Task description
Each line below from the line with "ciepło promieni słonecznych." to the line with "INR์ ๋ฌผ๋ฆฌ ์" must be copied exactly, including those two, and no picture may appear in the copy.

Source material
-------

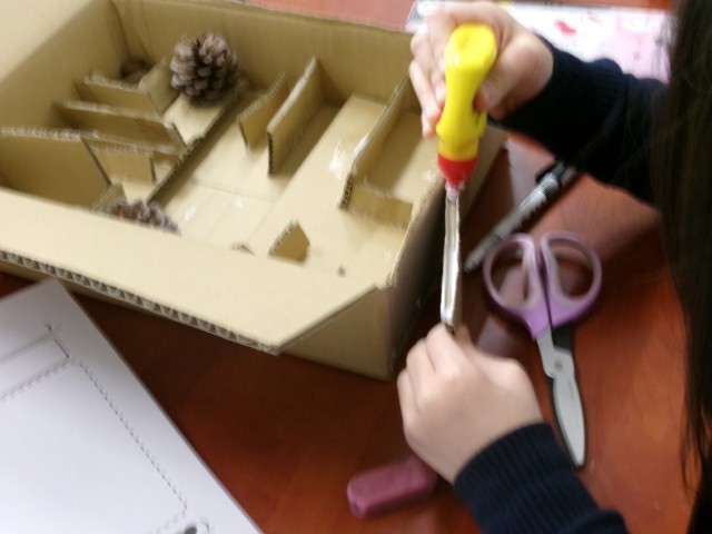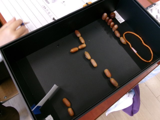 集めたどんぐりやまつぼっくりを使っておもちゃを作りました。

-------

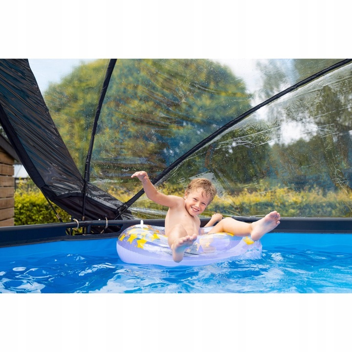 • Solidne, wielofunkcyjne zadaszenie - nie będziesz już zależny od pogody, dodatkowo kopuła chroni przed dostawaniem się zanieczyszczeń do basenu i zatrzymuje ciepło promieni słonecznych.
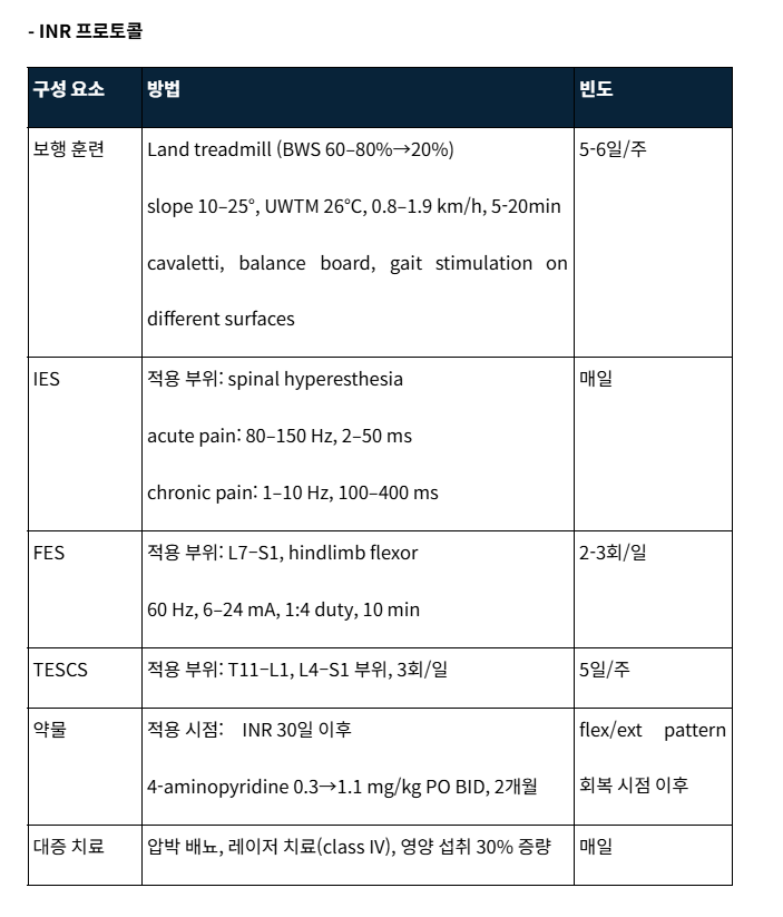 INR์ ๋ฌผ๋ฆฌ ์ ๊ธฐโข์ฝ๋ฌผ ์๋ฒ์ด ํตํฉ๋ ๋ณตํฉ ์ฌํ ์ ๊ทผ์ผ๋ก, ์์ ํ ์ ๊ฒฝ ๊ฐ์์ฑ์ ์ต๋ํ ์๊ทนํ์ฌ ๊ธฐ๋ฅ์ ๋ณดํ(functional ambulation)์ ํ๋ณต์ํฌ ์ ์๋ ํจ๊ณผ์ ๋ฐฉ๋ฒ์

-------

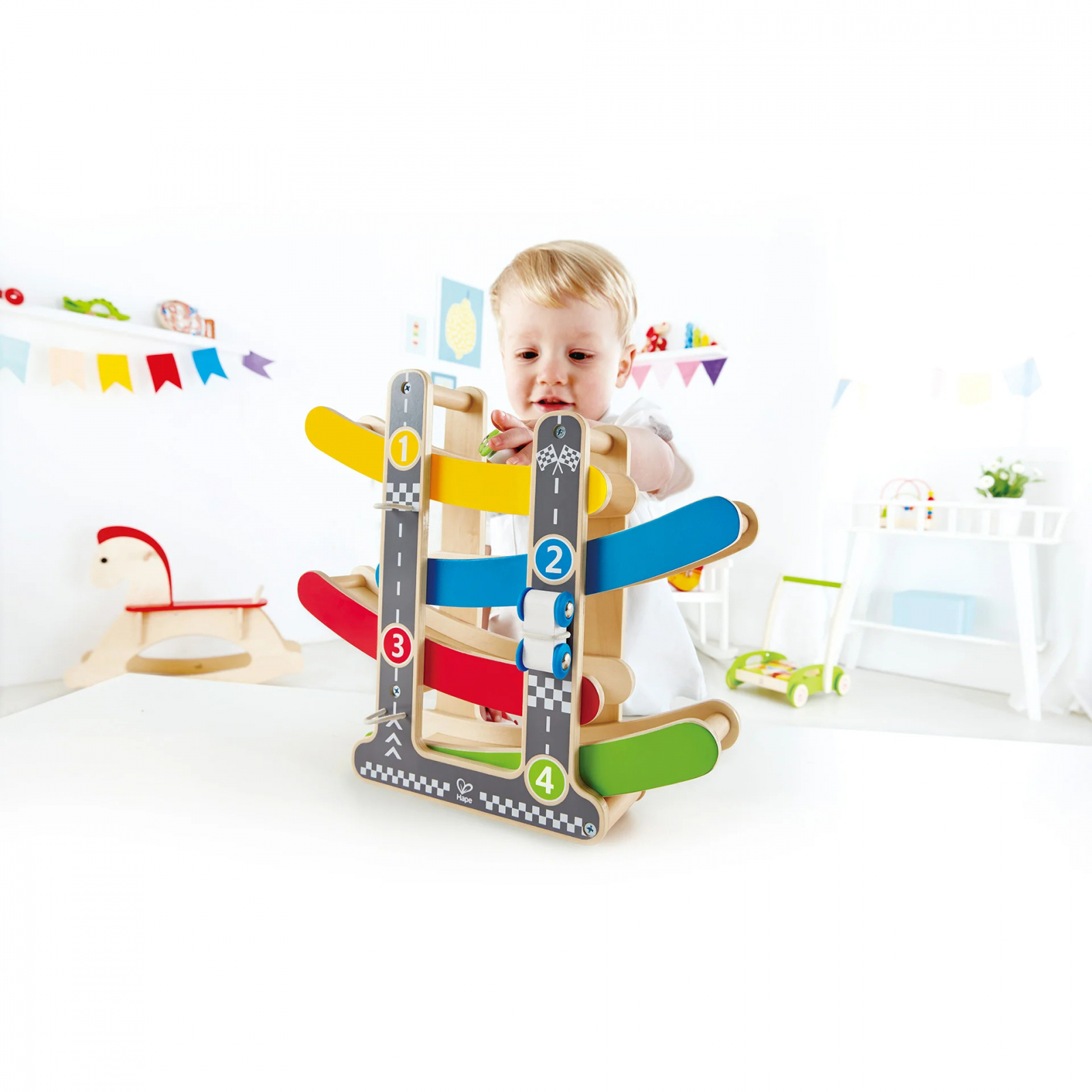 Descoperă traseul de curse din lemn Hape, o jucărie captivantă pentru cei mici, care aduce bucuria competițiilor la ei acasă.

-------

Written reply
 • Solidne, wielofunkcyjne zadaszenie - nie będziesz już zależny od pogody, dodatkowo kopuła chroni przed dostawaniem się zanieczyszczeń do basenu i zatrzymuje ciepło promieni słonecznych.
 INR์ ๋ฌผ๋ฆฌ ์ ๊ธฐโข์ฝ๋ฌผ ์๋ฒ์ด ํตํฉ๋ ๋ณตํฉ ์ฌํ ์ ๊ทผ์ผ๋ก, ์์ ํ ์ ๊ฒฝ ๊ฐ์์ฑ์ ์ต๋ํ ์๊ทนํ์ฌ ๊ธฐ๋ฅ์ ๋ณดํ(functional ambulation)์ ํ๋ณต์ํฌ ์ ์๋ ํจ๊ณผ์ ๋ฐฉ๋ฒ์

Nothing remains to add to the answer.